For whatever reason Disney chose to employ Dolby Vision for the Digital 4K version of Infinity War but not the physical disc version. Go figure. That’s the buyer’s loss, not theirs, and frankly unacceptable when a company like Lionsgate is including Dolby Vision on comparatively obscure titles with a fraction of the built-in audience and sales projections.
That said, the HDR10 presentation is pretty solid and befitting a film of Infinity War’s stature. The final battle on the Wakanda countryside bursts with colors, while character close-ups show all kinds of neat little details. Like the rainbow colored Infinity Stones that villainous Thanos seeks, Infinity War is teeming with a vast color palette and HDR10 does not disappoint in improving over the standard Blu-ray release.
Where the transfer falls short is in the lack of an IMAX aspect ratio. I’m not here to defend or criticize IMAX versus the traditional 2.39:1 aspect ratio. If IMAX exists then I’d like to have it as an option on the disc. Sadly this release does not.
If no IMAX is two steps backward then Disney and Marvel’s work on the Dolby Atmos audio track is one step forward. The “low” volume issue that has plagued each Marvel 4K release to date appears to have been resolved; there’s no more upping the volume to get to a normal listening level.
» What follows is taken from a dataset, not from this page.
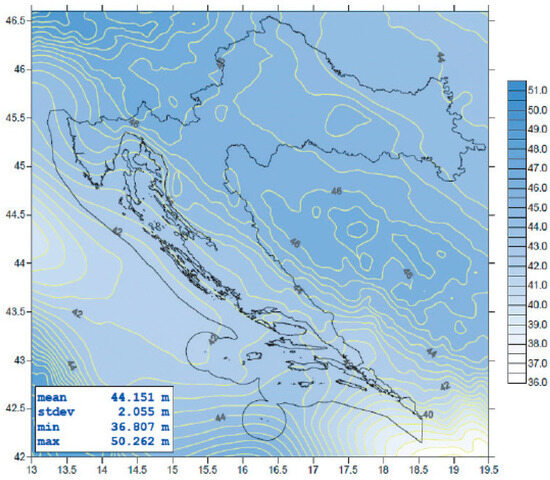 HRG2009 (HR—international abbreviation of Croatia; G—Geoid; year 2009) geoid solutions for Croatia of ‘very high reliability’ [18,19] are reprinted in Figure 7. According to these results, most geoid surface isohypses are approximately parallel to the Eastern Adriatic coast and thus the mean sea levels are approximately constant for the closest TGs at least. An exception is the southern part of the area where geoid surface isohypse pattern is more complex.

The audio mix does feel a little light in directional effects considering how much is going on when Avengers take on Thanos or his goons. I would have expected this Atmos mix to be one of the best ever. Instead it’s merely above average with some nice moments, but never reaches that “wow” potential it could have.
On the flip side, there’s no bombastic score or other effects overcoming dialogue at any point. When superheroes or objects thud to the ground, bass responds with a welcoming rumble.
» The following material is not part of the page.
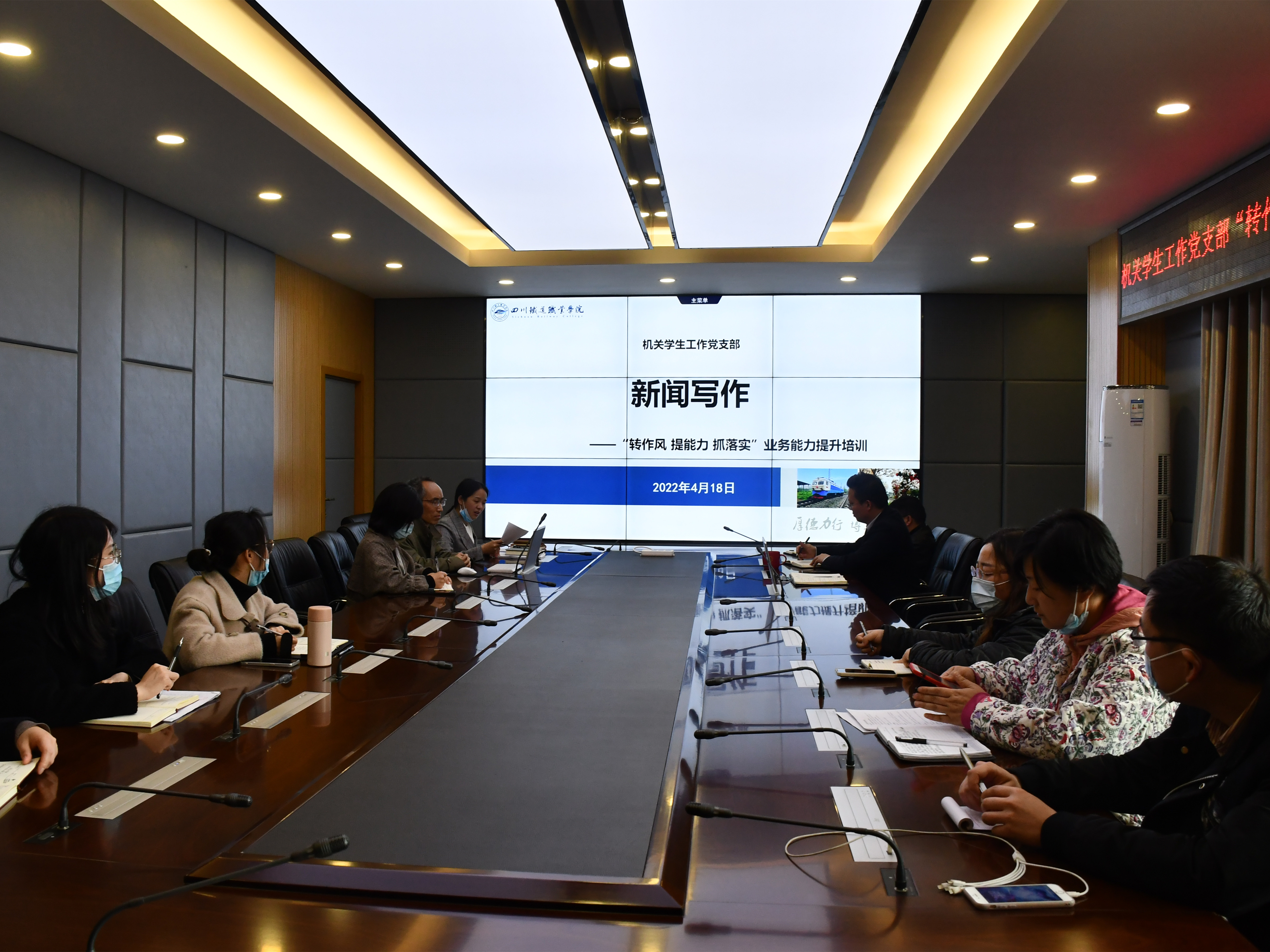 4月18日下午,机关学生工作党支部组织开展新闻写作培训讲座,图书信息中心王小玉老师应邀进行培训指导,学生处、就业处、校团委全体工作人员参加培训。

There are many bonus features listed for Avengers: Infinity War and most of them are over in 10 minutes or less. The best of the bunch, a Marvel director’s round table, is exclusive to Digital — the second shade thrown toward the physical disc version by Disney. At least the audio commentary is engaging and virtually impossible to step away from once fired up.
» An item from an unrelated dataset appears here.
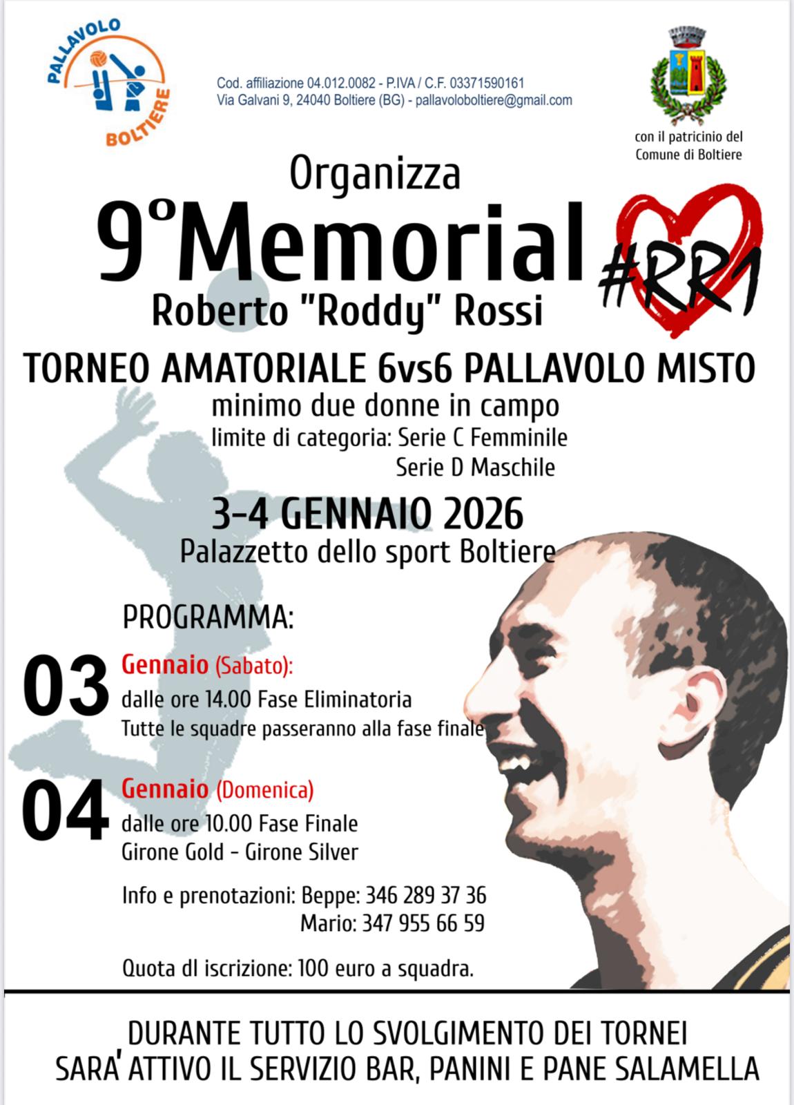 Descrizione L'ASD Polizportiva Boltiere - Sezione Pallavolo organizza il nono appuntamento con il "Memorial Torneo Roberto "Roddy" Rossi" presso il Palazzetto Atleti Azzurri d'Italia.

- Strange Alchemy (5:08)– Share the thrill of characters from across the MCU meeting for the first time—and discover why some were teamed up together.
- The Mad Titan (6:34) – Explore the MCU’s biggest, baddest villain, his trail of influence through the stories, and the existential threat he represents.
- Beyond the Battle: Titan (9:36) – Dive into the climactic struggle on Thanos’ ruined world, including the epic stunts and VFX, to uncover the source of its power.
- Beyond the Battle: Wakanda (10:58) – Go behind the scenes to find out how the filmmakers pulled off the most massive and challenging battle Marvel had ever attempted.
- Deleted and Extended Scenes (10:07)
- Happy Knows Best (1:23) – Tony and Pepper spar over the details of their upcoming wedding—until a hassled Happy Hogan pulls up with an urgent request.
- Hunt for the Mind Stone (1:24) – On a darkened street, Wanda Maximoff and the wounded Vision attempt to hide from Thanos’ brutal allies.
- The Guardians Get Their Groove Back (3:20) – As Peter Quill and Drax quarrel over their failed mission to Knowhere, Mantis interrupts with news.
- A Father’s Choice (4:00) – Thanos confronts Gamora with a vision from her past—and with lying to him about the Soul Stone.
- Gag Reel (2:05)– Watch your favorite Super Heroes make super gaffes in this lighthearted collection of on-set antics.
- Audio Commentary (approx. 149 min.) by Anthony and Joe Russo, Christopher Markus and Stephen McFeely.
There’s no denying Avengers: Infinity War sets a new high bar for the superhero genre. The 4K Ultra HD Blu-ray does not for the format, but don’t let that deter you from owning the current jewel in the Marvel Cinematic Universe franchise. And to think there’s another one due in less than a year.